Kölner Oper startet 2026 neu – doch wer darf eigentlich mitfeiern?
Niklas NeumannZukünftiger Bürgermeister: Oper muss nun etwas zurückgeben - Kölner Oper startet 2026 neu – doch wer darf eigentlich mitfeiern?
Kölner Oper soll 2026 nach Jahren der Sanierung und steigender Kosten wiedereröffnen – Forderungen nach mehr Zugänglichkeit
Nach Jahren umfangreicher Sanierungsarbeiten und explodierender Kosten wird die Kölner Oper im September 2026 ihre Pforten wieder öffnen. Doch zunehmend werden Rufe laut, das Haus solle dem Beispiel Hamburgs folgen und Kultur für alle Bürgerinnen und Bürger zugänglicher machen. Torsten Burmester, künftiger Oberbürgermeister der Stadt, fordert die Institution auf, über das traditionelle Publikum hinaus zu wachsen und breitere Bevölkerungsschichten anzusprechen.
Die Hamburger Elbphilharmonie stand ebenfalls vor finanziellen Herausforderungen, setzte jedoch auf eine Strategie der Öffnung: Über lokale Bibliotheken wurden Tickets vertrieben, wodurch Menschen erreicht wurden, die sonst kaum den Weg in den Konzertsaal gefunden hätten. Diese Maßnahme veränderte nicht nur die Zusammensetzung des Publikums, sondern stärkte auch die Verbindung zur gesamten Stadtgesellschaft.

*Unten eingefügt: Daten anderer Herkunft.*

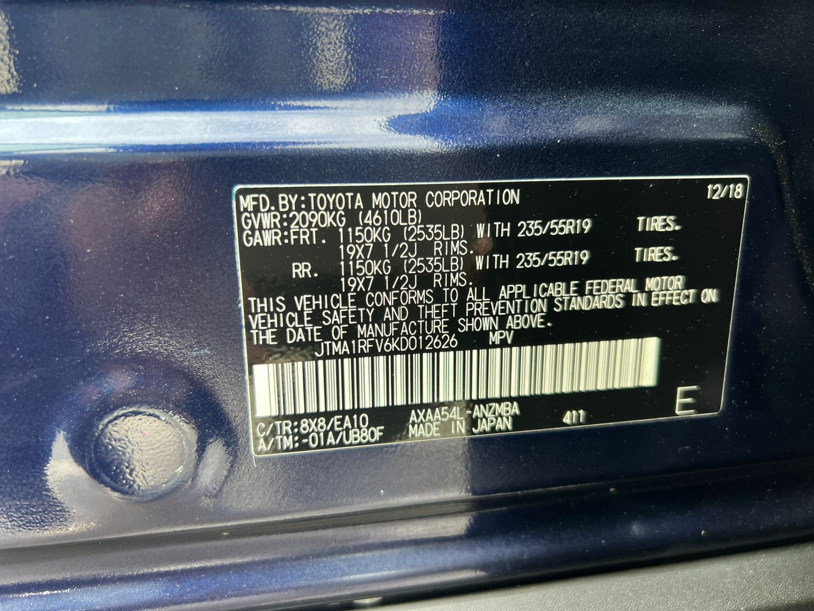 Model: XLE – Full Option
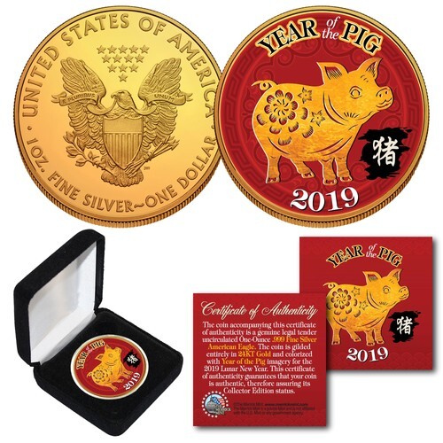 2019 Lunar New YEAR OF THE PIG 24K Gold Plated JFK Half Dollar Polychrome BOX

In Köln will Burmester einen ähnlichen Kurs für die Oper einschlagen. Sein Argument: Das Haus dürfe sich nicht ausschließlich an die gebildete Mittelschicht richten, sondern müsse alle gesellschaftlichen Gruppen einbeziehen. Ziel sei es, dass sich die gesamte Stadt mit der Oper identifiziere – nicht nur diejenigen, die bereits mit ihr vertraut sind.
Die Kölner Oper und das Schauspielhaus sind seit Längerem wegen umfassender Modernisierungsarbeiten geschlossen, wobei die Kosten deutlich über den ursprünglichen Planungen liegen. Mit dem näherrückenden Wiedereröffnungstermin gewinnt die Debatte über Zugänglichkeit und Inklusion an Fahrt.
Die Rückkehr der Oper 2026 bietet die Chance, ihr Selbstverständnis neu zu definieren. Durch eine Orientierung am Hamburger Modell könnte sie ein vielfältigeres Publikum anziehen. Die Forderungen nach Veränderung deuten darauf hin, dass die Rolle des Hauses künftig weit über klassische Aufführungen hinausgehen könnte.